That worked for me also, I received that same error message installing xorg via ports on FreeBSD 8.0.


----------



## rassilon (Aug 17, 2010)

*Doesn't work if using GNU Pth*

This is a work around, not a solution. Basically, if you are using GNU Pth (PTH option on the lang/python26 "make config" screen), then the pth.h file isn't found because it isn't included in the python headers. Because the GNU Pth option is off by default, most people don't run into the issue as it then uses a version included in python.

Thus, you can work around the problem by either copying or symlinking the real pth.h file into the python includes or reinstalling python without the GNU Pth option.

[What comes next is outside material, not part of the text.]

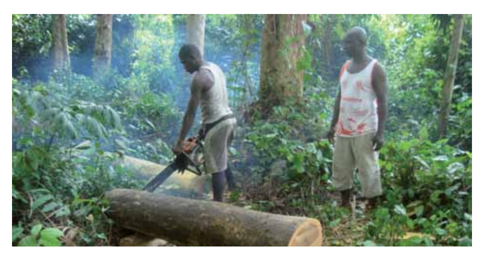
Collection of samples of wood of Pericopsis elata in the Bidou forest plantation in Cameroon by researchers from the University of Dschang

There was a delay in the delivery of the collected samples to the Double HELIX laboratory, due to delays in obtaining CITES permits for export. Another delay was caused by the change in the annual logging allocation to the GVI timber company that will be used to test the tracking system. As a result, the collection of samples from the forest to export has not started. The National Technical Committee in its meeting in May 2015 had noted these delays and recommended that (i)

However, the best solution would probably be to have the configure script check if devel/pth is installed.


----------



## Solaris (Oct 15, 2010)

This problem still exist on 8.1 release!, temporary workaround by enderli work fine .


----------



## Ashandy (Oct 25, 2011)

Try 
`ln -s /usr/local/lib/pth/libpth.a /usr/local/lib/`
`ln -s /usr/local/include/pth/pth.h /usr/local/include/python2.6`

Or rebuild python without PTH support.


----------



## Yaffle (Dec 5, 2012)

Solaris said:
			
		

> This problem still exist on 8.1 release!, temporary workaround by enderli work fine .



Again in 9.0....


----------



## Hawk (Mar 3, 2013)

And 9.1.


----------



## Deever (Apr 6, 2013)

And 10-CURRENT.


----------